Collected data:
· · ·
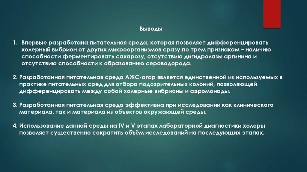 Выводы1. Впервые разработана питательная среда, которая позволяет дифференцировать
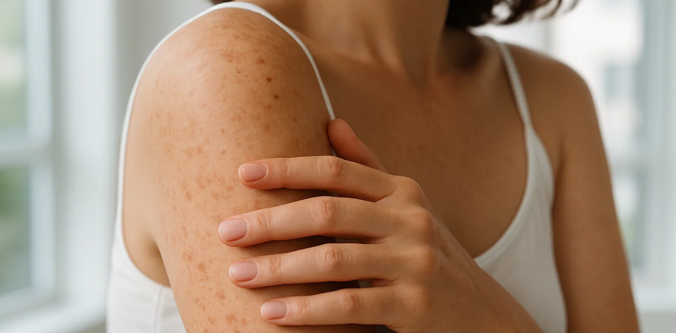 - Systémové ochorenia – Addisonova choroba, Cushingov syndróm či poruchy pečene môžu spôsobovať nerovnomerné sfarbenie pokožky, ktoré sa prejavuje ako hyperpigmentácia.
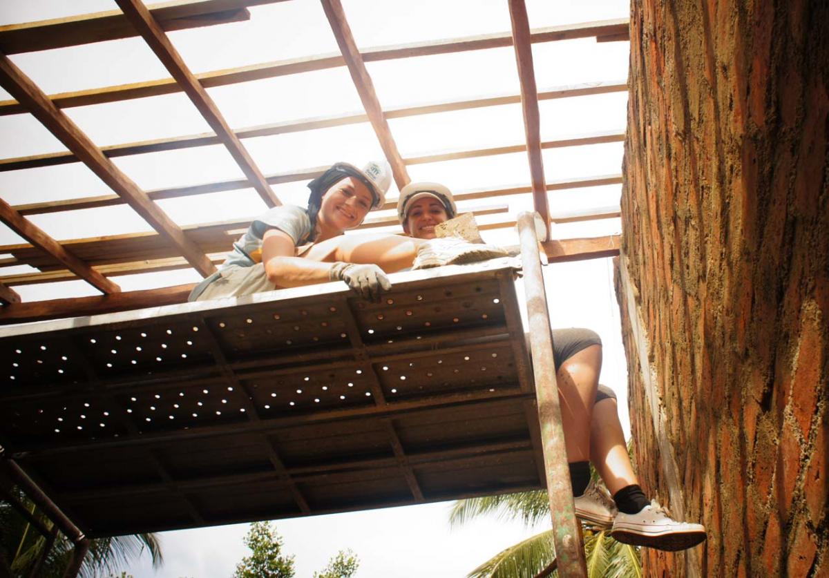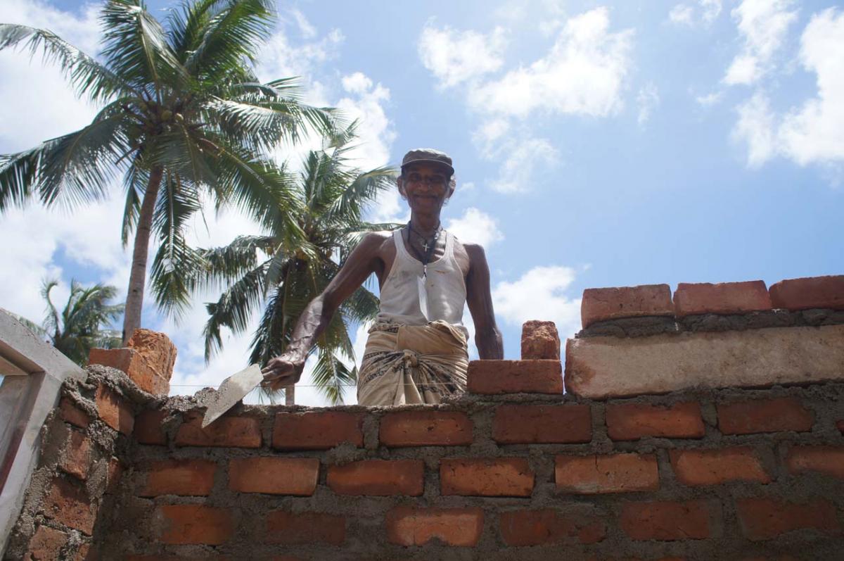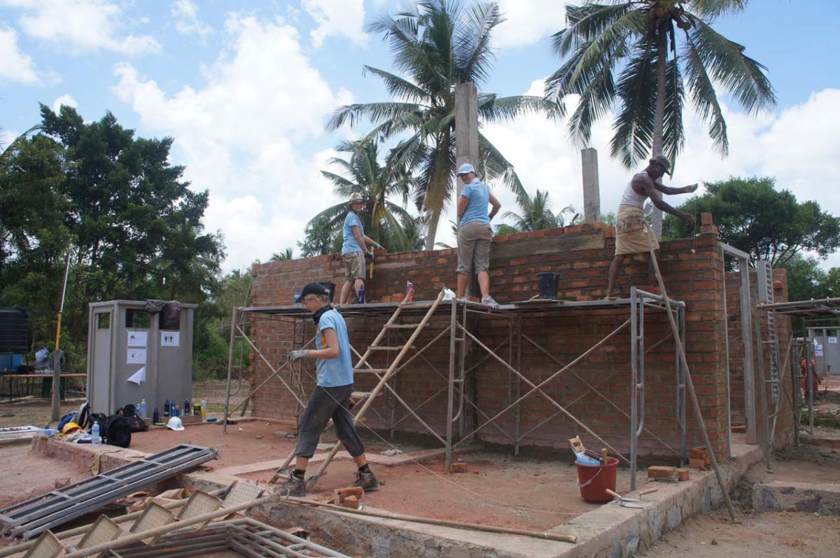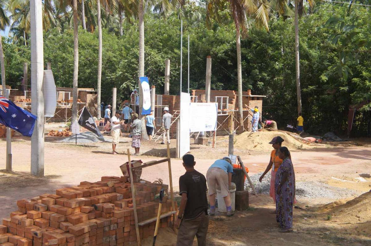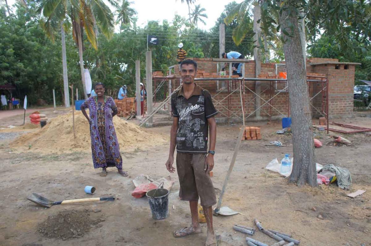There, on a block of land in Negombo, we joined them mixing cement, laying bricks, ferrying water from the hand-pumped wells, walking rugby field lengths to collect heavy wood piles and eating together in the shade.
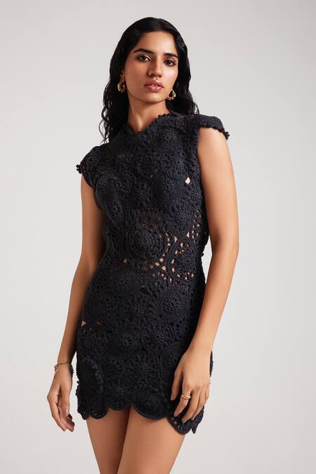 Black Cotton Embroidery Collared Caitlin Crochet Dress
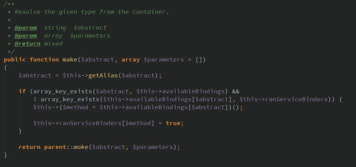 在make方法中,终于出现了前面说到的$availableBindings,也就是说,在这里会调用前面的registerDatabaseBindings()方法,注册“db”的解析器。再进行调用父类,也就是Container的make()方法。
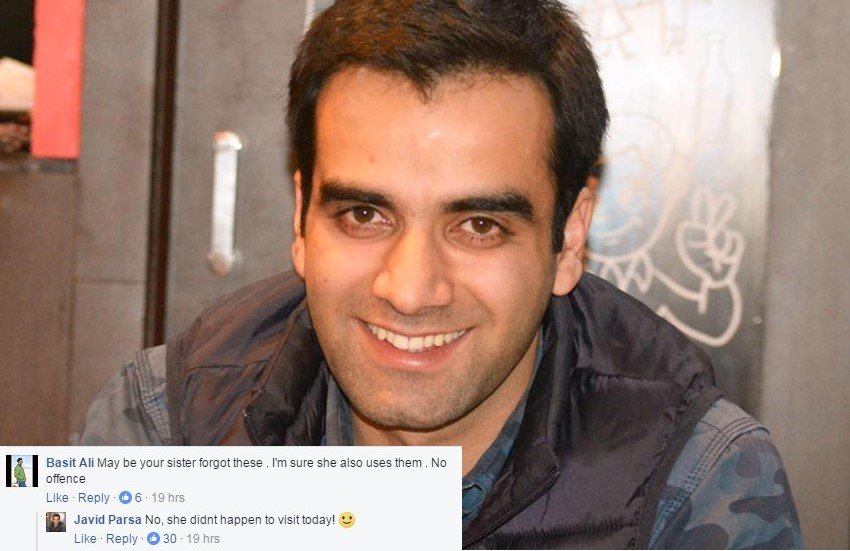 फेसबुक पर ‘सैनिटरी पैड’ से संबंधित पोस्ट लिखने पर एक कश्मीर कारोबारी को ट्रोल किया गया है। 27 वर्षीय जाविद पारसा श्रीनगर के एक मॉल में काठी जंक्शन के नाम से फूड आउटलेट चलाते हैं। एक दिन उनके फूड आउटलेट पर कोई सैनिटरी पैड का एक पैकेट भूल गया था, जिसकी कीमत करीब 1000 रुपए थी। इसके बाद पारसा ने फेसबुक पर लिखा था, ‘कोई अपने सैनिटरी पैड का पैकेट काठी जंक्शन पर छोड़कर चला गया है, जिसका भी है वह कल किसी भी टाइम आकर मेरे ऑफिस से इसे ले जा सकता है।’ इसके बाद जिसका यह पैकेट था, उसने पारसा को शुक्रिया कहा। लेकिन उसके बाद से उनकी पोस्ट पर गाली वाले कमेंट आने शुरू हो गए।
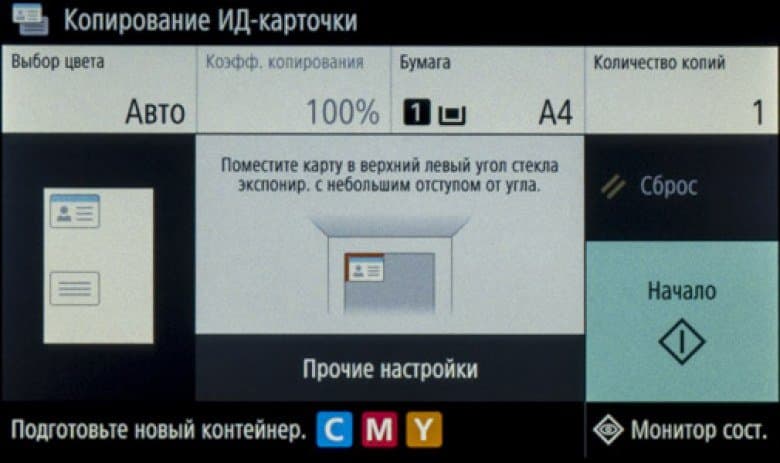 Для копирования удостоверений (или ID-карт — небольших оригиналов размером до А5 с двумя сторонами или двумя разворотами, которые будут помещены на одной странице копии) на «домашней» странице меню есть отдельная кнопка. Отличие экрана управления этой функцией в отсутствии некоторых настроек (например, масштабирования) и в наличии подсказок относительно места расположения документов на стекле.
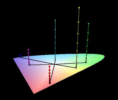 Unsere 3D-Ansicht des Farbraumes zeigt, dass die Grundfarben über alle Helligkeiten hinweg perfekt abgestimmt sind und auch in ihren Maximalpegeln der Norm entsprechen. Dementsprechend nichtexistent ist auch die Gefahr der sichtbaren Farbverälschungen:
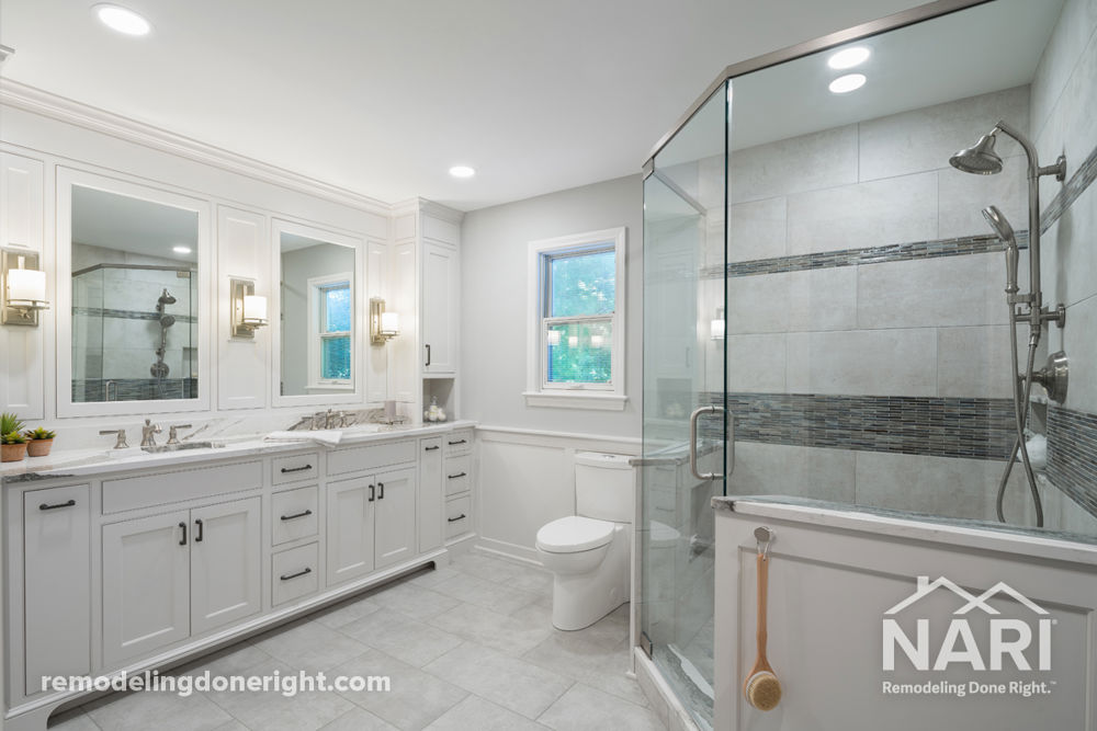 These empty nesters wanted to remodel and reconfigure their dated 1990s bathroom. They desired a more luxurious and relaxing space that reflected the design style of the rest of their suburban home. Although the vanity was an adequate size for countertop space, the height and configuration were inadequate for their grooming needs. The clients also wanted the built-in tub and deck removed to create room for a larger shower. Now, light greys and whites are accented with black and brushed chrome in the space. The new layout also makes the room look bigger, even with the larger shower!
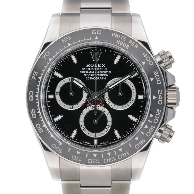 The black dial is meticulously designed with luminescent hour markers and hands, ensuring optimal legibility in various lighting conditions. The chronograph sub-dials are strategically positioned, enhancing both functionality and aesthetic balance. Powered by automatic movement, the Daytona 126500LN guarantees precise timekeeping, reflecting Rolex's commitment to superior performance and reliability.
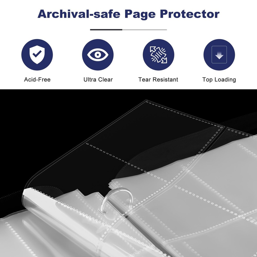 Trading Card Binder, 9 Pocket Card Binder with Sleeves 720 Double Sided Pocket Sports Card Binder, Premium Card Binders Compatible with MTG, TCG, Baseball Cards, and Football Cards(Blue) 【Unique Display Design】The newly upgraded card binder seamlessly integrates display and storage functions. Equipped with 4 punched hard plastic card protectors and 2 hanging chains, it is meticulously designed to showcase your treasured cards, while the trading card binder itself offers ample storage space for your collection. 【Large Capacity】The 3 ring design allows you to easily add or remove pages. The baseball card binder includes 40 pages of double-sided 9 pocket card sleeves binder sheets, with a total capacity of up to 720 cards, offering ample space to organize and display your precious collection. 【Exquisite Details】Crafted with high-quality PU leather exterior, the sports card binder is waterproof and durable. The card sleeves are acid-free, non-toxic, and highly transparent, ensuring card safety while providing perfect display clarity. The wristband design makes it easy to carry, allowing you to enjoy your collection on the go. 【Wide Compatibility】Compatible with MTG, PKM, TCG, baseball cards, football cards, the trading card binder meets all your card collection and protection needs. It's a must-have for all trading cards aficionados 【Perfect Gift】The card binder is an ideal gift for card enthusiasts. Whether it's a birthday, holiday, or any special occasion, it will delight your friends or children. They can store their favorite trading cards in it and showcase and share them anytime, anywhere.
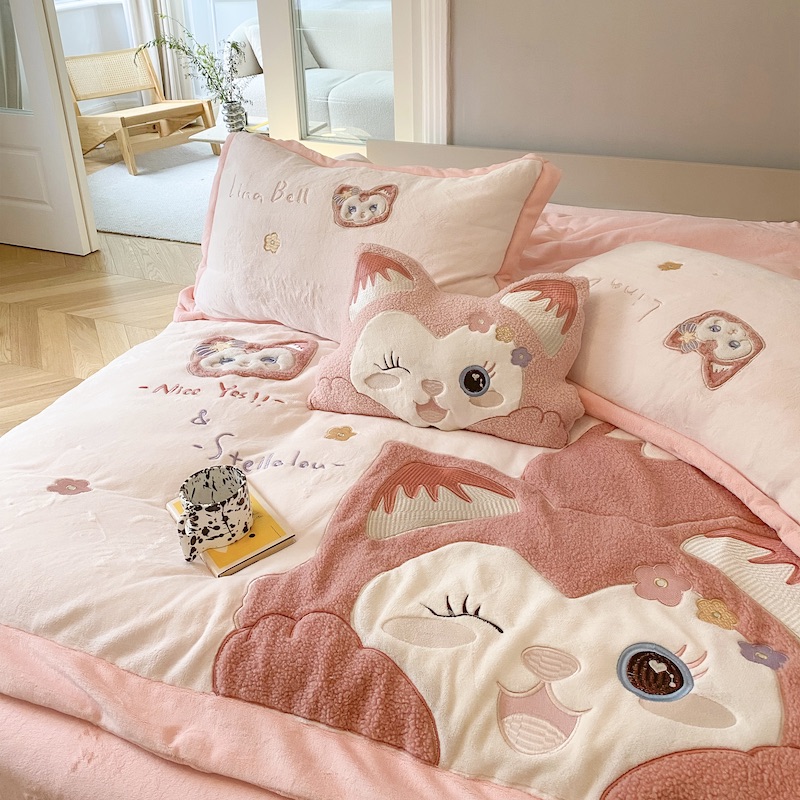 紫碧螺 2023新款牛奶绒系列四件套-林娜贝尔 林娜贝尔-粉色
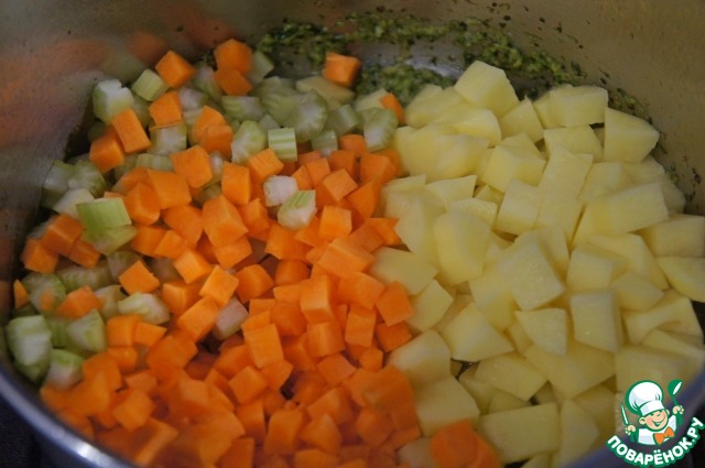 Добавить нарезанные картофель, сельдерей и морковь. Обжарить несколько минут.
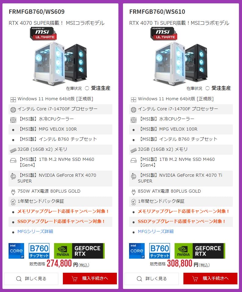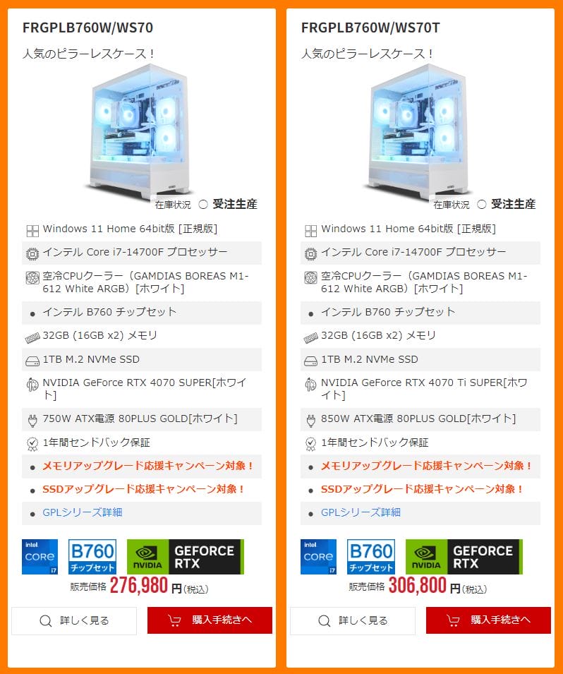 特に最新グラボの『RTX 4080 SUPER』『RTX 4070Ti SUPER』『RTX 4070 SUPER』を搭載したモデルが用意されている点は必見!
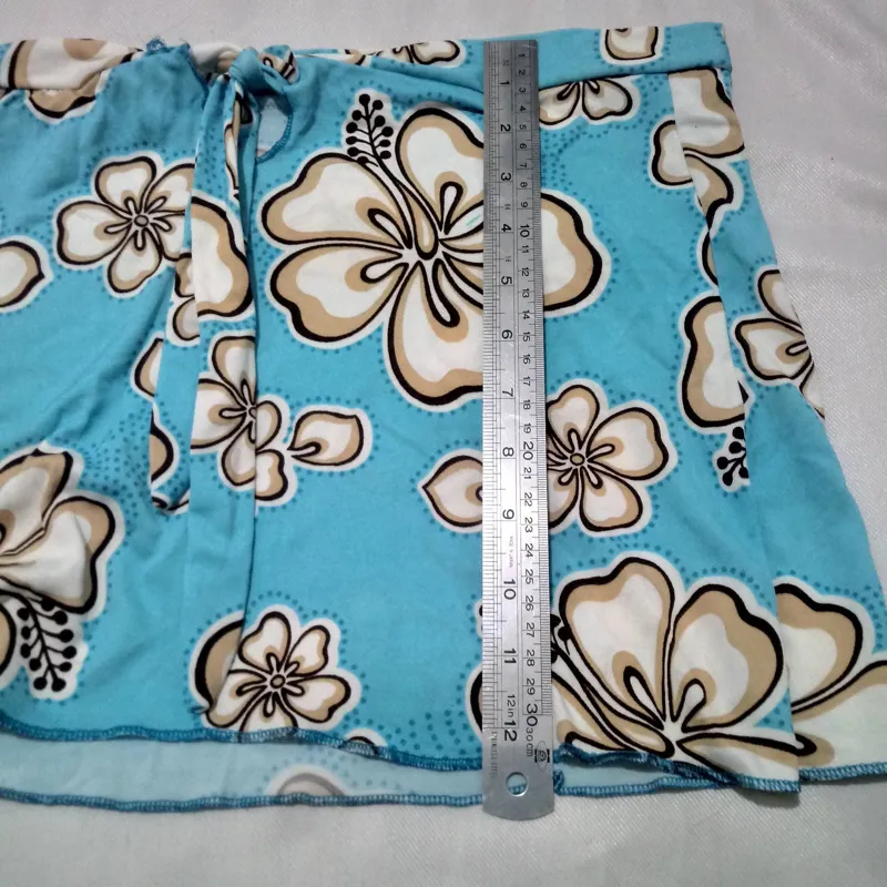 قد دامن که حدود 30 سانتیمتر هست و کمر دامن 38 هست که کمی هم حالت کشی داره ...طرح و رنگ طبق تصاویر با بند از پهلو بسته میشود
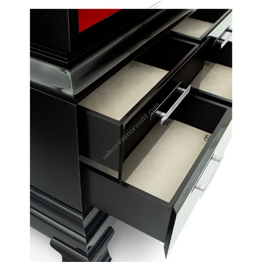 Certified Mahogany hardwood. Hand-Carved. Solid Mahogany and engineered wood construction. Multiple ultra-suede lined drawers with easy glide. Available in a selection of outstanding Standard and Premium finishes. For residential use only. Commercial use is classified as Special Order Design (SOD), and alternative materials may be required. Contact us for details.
· · ·
Exercise: Reproduce the lines above beginning at the line that contains "Для копирования удостоверений" and ending at the line that contains "Unsere 3D-Ansicht des". No pictures.

Result of the exercise:
 Для копирования удостоверений (или ID-карт — небольших оригиналов размером до А5 с двумя сторонами или двумя разворотами, которые будут помещены на одной странице копии) на «домашней» странице меню есть отдельная кнопка. Отличие экрана управления этой функцией в отсутствии некоторых настроек (например, масштабирования) и в наличии подсказок относительно места расположения документов на стекле.
 Unsere 3D-Ansicht des Farbraumes zeigt, dass die Grundfarben über alle Helligkeiten hinweg perfekt abgestimmt sind und auch in ihren Maximalpegeln der Norm entsprechen. Dementsprechend nichtexistent ist auch die Gefahr der sichtbaren Farbverälschungen:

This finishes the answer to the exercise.